Refund Rights Under the APPR
When a flight is cancelled, you are entitled to choose between:
- Rebooking on the next available flight (at no additional cost)
- A full refund to the original form of payment
If the airline offers rebooking but you choose not to travel, you must be refunded within 30 days. The refund must be in the original form of payment — not a travel credit — unless you voluntarily accept a credit of at least equal value with no expiry date.
How to File a CTA Complaint
The APPR requires you to first go through the airline's internal process before the CTA will accept your complaint.
Step 1: Internal Airline Complaint
Contact the airline in writing. You must request compensation within:
- 1 year of the incident date (under APPR rules)
The airline has 30 days to respond with either the compensation, a valid reason for denial, or a request for more information (in which case the clock restarts).
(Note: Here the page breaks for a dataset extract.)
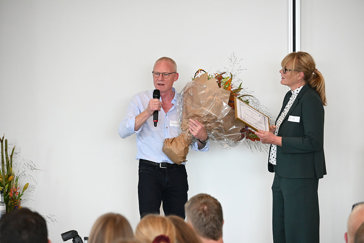 Jørgen Schou, Produktchef ved Unicon A/S, får Dansk Betonforenings "Betonpris" for at være en fantastisk ambassadør for materialet beton, for betonbranchen og for at være bindeled på tværs af generationer og på tværs af byggeriets værdikæde. Og Jørgen gør det hele med et beskedent smil, stor passion og imødekommenhed.

Keep records of everything.
Step 2: CTA Complaint
If the airline denies your claim or ignores you, file a complaint with the Canadian Transportation Agency at otc-cta.gc.ca.
- Create a CTA account and use the online complaints portal
- Provide your booking confirmation, boarding pass, and any written correspondence with the airline
- Describe the incident clearly: flight number, date, scheduled and actual times, reason the airline gave
- State the amount you are claiming and which APPR tier applies
The CTA has faced significant backlogs — processing times have stretched to 18+ months in some years. The CTA's facilitation process (informal mediation) is faster than a formal adjudication. Request facilitation first; it resolves many claims within weeks.
What Happens After You File
The CTA will first attempt facilitation — an informal process where a CTA officer contacts the airline on your behalf and tries to broker a resolution. If facilitation fails, the complaint moves to adjudication, where the CTA issues a binding decision. Airlines found in violation can be ordered to pay compensation plus CTA fines.
Practical Tips for APPR Claims
- Get the reason in writing. Ask the gate agent and then the airline in writing why the flight was delayed or cancelled. Vague explanations like "operational reasons" are red flags that may conceal a compensable within-control cause.
- Check flight tracking data. Use FlightAware or FlightRadar24 to confirm actual departure and arrival times, and to look at what happened to that aircraft in the previous legs of the day. An inbound delay often reveals a within-control cause.
- Document everything at the airport. Screenshot announcements, take photos of departure boards, and note the time of any updates from the airline.
- Do not accept vouchers under pressure. You have 30 days to decide whether to accept a travel credit. Do not sign away your APPR rights at the gate unless the offer is genuinely better than the statutory amount.
- Claim in CAD. The APPR amounts are in Canadian dollars. If you booked in USD, you still receive the CAD amount; conversions do not change the statutory obligation.